**Study material:**
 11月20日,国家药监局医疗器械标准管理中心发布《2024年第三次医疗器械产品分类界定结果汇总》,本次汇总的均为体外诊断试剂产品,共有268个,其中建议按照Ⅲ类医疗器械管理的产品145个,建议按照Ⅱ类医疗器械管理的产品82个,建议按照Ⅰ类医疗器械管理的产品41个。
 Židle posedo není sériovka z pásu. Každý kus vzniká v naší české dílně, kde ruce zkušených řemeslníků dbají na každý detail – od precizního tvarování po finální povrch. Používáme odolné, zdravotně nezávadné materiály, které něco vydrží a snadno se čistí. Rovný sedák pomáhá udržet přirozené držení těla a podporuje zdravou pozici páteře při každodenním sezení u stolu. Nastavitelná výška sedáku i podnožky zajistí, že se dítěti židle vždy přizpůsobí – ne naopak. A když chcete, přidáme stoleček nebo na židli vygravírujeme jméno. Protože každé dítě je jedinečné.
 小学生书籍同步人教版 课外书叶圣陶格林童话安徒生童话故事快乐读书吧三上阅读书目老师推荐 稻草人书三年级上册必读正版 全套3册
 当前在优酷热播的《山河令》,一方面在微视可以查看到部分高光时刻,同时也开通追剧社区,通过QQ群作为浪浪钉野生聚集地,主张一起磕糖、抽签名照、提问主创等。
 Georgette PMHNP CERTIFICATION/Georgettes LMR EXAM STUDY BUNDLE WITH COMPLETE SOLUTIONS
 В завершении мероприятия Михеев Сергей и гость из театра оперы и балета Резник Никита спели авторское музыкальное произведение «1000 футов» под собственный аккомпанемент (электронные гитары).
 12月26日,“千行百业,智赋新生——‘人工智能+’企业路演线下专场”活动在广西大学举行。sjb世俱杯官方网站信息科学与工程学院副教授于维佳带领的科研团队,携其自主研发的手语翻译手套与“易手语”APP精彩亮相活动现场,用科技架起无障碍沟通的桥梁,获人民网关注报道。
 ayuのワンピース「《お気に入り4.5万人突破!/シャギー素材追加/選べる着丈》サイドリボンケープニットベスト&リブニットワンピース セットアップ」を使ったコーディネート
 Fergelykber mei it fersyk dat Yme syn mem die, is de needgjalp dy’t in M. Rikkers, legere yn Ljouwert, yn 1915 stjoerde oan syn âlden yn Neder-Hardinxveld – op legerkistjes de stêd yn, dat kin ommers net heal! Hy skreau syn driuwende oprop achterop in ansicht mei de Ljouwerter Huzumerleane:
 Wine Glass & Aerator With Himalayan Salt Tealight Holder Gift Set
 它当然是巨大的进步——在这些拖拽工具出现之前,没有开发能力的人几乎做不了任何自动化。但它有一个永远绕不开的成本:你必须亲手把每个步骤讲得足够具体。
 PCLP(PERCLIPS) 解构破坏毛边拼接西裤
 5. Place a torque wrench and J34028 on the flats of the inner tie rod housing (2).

**Try it:**
Please transcribe the full listing exactly, down to the last line.

**Written answer:**
 11月20日,国家药监局医疗器械标准管理中心发布《2024年第三次医疗器械产品分类界定结果汇总》,本次汇总的均为体外诊断试剂产品,共有268个,其中建议按照Ⅲ类医疗器械管理的产品145个,建议按照Ⅱ类医疗器械管理的产品82个,建议按照Ⅰ类医疗器械管理的产品41个。
 Židle posedo není sériovka z pásu. Každý kus vzniká v naší české dílně, kde ruce zkušených řemeslníků dbají na každý detail – od precizního tvarování po finální povrch. Používáme odolné, zdravotně nezávadné materiály, které něco vydrží a snadno se čistí. Rovný sedák pomáhá udržet přirozené držení těla a podporuje zdravou pozici páteře při každodenním sezení u stolu. Nastavitelná výška sedáku i podnožky zajistí, že se dítěti židle vždy přizpůsobí – ne naopak. A když chcete, přidáme stoleček nebo na židli vygravírujeme jméno. Protože každé dítě je jedinečné.
 小学生书籍同步人教版 课外书叶圣陶格林童话安徒生童话故事快乐读书吧三上阅读书目老师推荐 稻草人书三年级上册必读正版 全套3册
 当前在优酷热播的《山河令》,一方面在微视可以查看到部分高光时刻,同时也开通追剧社区,通过QQ群作为浪浪钉野生聚集地,主张一起磕糖、抽签名照、提问主创等。
 Georgette PMHNP CERTIFICATION/Georgettes LMR EXAM STUDY BUNDLE WITH COMPLETE SOLUTIONS
 В завершении мероприятия Михеев Сергей и гость из театра оперы и балета Резник Никита спели авторское музыкальное произведение «1000 футов» под собственный аккомпанемент (электронные гитары).
 12月26日,“千行百业,智赋新生——‘人工智能+’企业路演线下专场”活动在广西大学举行。sjb世俱杯官方网站信息科学与工程学院副教授于维佳带领的科研团队,携其自主研发的手语翻译手套与“易手语”APP精彩亮相活动现场,用科技架起无障碍沟通的桥梁,获人民网关注报道。
 ayuのワンピース「《お気に入り4.5万人突破!/シャギー素材追加/選べる着丈》サイドリボンケープニットベスト&リブニットワンピース セットアップ」を使ったコーディネート
 Fergelykber mei it fersyk dat Yme syn mem die, is de needgjalp dy’t in M. Rikkers, legere yn Ljouwert, yn 1915 stjoerde oan syn âlden yn Neder-Hardinxveld – op legerkistjes de stêd yn, dat kin ommers net heal! Hy skreau syn driuwende oprop achterop in ansicht mei de Ljouwerter Huzumerleane:
 Wine Glass & Aerator With Himalayan Salt Tealight Holder Gift Set
 它当然是巨大的进步——在这些拖拽工具出现之前,没有开发能力的人几乎做不了任何自动化。但它有一个永远绕不开的成本:你必须亲手把每个步骤讲得足够具体。
 PCLP(PERCLIPS) 解构破坏毛边拼接西裤
 5. Place a torque wrench and J34028 on the flats of the inner tie rod housing (2).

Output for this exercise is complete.